Ofqual has launched a competition today for artificial intelligence experts to design a system to mark exams.
In a blog published today, the regulator said it would explore the potential of artificial intelligence (AI) and how it could be used to mark GCSE English language scripts.
Exclusive: AI may replace GCSEs in top private schools
The regulator said that "we want to understand whether there might be a role for AI in marking," noting that AI could be used to identify marking inconsistencies.
Ofqual said it wanted to explore whether AI could be "effective in spotting an erroneous mark from an otherwise good and consistent marker", and that mistakes were inevitable given that "marking can be a very demanding task".
To understand AI's potential, the regulator said it would use an "AI competition" to research how technology could be used to improve marking.
"Essentially, we will get several thousand student responses to an essay (a particular GCSE English language essay question), and these will be marked by human markers," Ofqual said.
These marks would be used by organisations with expertise in the field to input data using the best human judgement of exam scripts and therefore train AI systems.
"It is important that the training examples use the ‘best’ human judgement because AI systems are only as good as the data put into them. Therefore, in our study, we will use the most senior markers and each essay will be marked multiple times to ensure the marks do not reflect error," the regulator said.

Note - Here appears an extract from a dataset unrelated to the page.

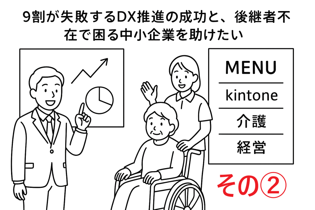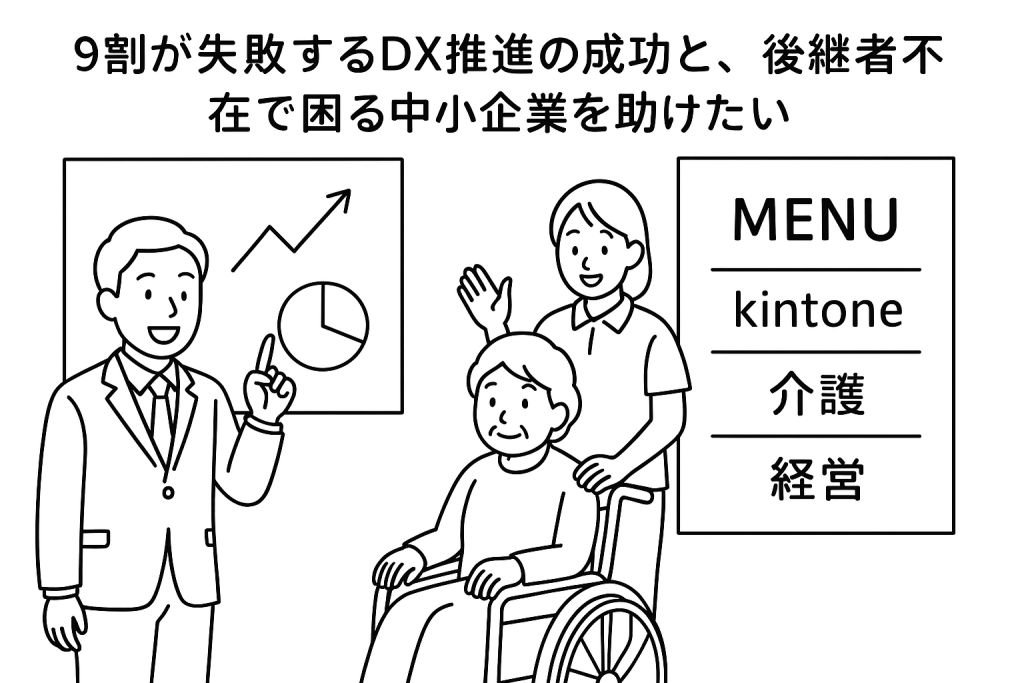【法人向け】9割が失敗するDX推進の成功と、後継者不在で困る中小企業を助けたい、そんな思いで作った料金メニューとは。kintoneと介護と経営からヘルプします
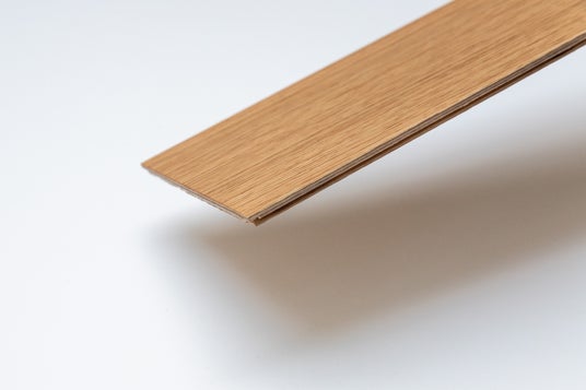 「リフォームフローリング」は、ボンド等の接着剤で施工できる天然木を使った上貼り用フローリングで、床暖房に対応しているのが特徴です。床暖房の熱を伝えられる6.5mmという薄さで、表面に1mmの天然木のスライスを使っています。マットな質感に仕上げているので、薄くてもしっかり本物の木の質感を感じることができます。

Using a competition of numerous AI organisations using data from these scripts, different programs will be developed which can then be tested using a new set of exam papers.
"We can test these AI systems on another set of essays (for which we know the marks, but the AI systems do not). We very much hope this competition will help stimulate and identify the very best practice in this field," Beth Black wrote in a blog for the regulator.
"The results from this competition will help us undertake further subsequent research work – for example, modelling the impact of AI as a second marker or as a marker monitoring system."